Pada saat sama, pelaku koruptor dalam melakukan korupsi, biasanya juga tidak sendiri. Artinya di sini sudah memenuhi unsur perencanaan dan kesengajaan dalam ‘menggarong’ uang negara. Namun di sisi lain, vonis yang diberikan kepada mereka (pelaku korupsi) masih jauh dari ekspektasi rasa keadilan. Dan, mirisnya lagi jarang dihukum maksimal, apalagi sampai hukuman mati, nihil. Padahal tindakan korupsi termasuk dalam kategori kejahatan extra ordinary. Tapi pada kenyataannya hukumannya seringkali minimalis.
Tak berlebihan bila kemudian nilai indeks persepsi korupsi (IPK) tahun 2022 di negara Indonesia terus mengalami penurunan. IPK anjlok dari 38 ke 34. Nilai ini menempatkan Indonesia berada di urutan 110 dari 180 negara di dunia.
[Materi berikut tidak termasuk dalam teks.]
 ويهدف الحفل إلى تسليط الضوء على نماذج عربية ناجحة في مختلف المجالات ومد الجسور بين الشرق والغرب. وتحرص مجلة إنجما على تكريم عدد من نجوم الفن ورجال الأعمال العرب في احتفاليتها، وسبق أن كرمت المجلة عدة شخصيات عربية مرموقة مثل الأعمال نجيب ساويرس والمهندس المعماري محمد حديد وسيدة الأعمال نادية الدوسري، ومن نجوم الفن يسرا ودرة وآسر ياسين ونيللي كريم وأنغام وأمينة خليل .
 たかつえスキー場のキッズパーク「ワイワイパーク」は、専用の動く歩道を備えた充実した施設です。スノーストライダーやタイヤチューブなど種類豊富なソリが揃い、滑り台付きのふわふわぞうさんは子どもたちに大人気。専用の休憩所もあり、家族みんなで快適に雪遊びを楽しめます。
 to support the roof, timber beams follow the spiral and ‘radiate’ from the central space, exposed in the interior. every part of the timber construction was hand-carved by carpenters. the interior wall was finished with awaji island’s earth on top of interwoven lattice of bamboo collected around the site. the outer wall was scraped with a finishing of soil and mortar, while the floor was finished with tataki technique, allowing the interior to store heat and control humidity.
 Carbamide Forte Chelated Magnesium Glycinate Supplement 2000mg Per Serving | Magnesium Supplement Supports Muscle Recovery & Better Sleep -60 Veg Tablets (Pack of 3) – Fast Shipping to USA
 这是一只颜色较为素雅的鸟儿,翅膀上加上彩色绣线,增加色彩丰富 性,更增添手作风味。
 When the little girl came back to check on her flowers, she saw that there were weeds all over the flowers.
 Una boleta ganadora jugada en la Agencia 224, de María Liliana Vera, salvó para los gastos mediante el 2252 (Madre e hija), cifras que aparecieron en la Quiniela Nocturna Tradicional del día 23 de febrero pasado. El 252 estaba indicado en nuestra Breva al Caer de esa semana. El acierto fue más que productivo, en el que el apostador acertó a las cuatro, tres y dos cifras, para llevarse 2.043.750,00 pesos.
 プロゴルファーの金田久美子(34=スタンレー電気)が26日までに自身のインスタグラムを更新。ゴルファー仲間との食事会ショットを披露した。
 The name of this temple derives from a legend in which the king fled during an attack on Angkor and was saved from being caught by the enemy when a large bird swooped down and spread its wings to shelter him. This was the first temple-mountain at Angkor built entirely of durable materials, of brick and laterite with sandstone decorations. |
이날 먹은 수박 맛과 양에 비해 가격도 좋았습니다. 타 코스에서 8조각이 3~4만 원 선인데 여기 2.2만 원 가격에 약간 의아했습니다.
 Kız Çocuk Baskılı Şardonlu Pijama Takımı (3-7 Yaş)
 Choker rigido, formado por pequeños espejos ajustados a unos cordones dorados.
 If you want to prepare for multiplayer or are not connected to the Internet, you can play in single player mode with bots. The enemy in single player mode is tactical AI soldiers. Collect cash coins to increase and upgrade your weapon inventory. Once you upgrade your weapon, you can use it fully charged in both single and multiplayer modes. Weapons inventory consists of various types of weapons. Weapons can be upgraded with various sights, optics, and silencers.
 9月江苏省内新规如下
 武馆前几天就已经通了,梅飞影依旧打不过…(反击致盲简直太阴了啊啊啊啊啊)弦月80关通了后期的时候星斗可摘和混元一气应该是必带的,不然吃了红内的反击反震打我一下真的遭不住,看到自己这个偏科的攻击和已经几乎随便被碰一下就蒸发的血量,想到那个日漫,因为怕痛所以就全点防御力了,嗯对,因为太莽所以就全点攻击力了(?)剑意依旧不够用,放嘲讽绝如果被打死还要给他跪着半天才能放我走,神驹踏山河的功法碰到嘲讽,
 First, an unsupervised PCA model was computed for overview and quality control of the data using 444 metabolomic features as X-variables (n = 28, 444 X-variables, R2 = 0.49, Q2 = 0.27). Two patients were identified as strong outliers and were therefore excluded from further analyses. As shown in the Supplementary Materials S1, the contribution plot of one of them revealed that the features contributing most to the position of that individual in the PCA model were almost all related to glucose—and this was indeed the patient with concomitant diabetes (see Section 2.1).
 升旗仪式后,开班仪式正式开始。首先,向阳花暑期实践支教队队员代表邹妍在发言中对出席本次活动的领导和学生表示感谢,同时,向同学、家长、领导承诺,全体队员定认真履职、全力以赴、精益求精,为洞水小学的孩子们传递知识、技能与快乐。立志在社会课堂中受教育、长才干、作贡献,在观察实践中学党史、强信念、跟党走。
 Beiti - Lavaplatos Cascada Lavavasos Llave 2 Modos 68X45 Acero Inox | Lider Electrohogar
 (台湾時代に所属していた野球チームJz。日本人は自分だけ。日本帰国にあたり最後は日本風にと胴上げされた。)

Apakah tidak ada keseriusan dari aparat penegak hukum dalam pemberantasan korupsi? Wallahu’alam. Tapi melihat kenyataan saat ini, publik tentu bisa menebak sendiri.
Karena itu dibutuhkan keberanian hakim untuk memvonis maksimal pelaku korupsi di negeri ini dengan hukuman seberat-berat. Bila tidak dengan hukuman mati, setidaknya seumur hidup. Sehingga akan benar-benar memberi efek jera.
Hukuman maksimal, tidak hanya dijatuhkan kepada pelaku pembunuhan, pengedar narkoba, maupun kasus terorisme saja. Namun juga koruptor yang kejahatannya dikategorikan sebagai extra ordinary crime! (*tribun jateng cetak)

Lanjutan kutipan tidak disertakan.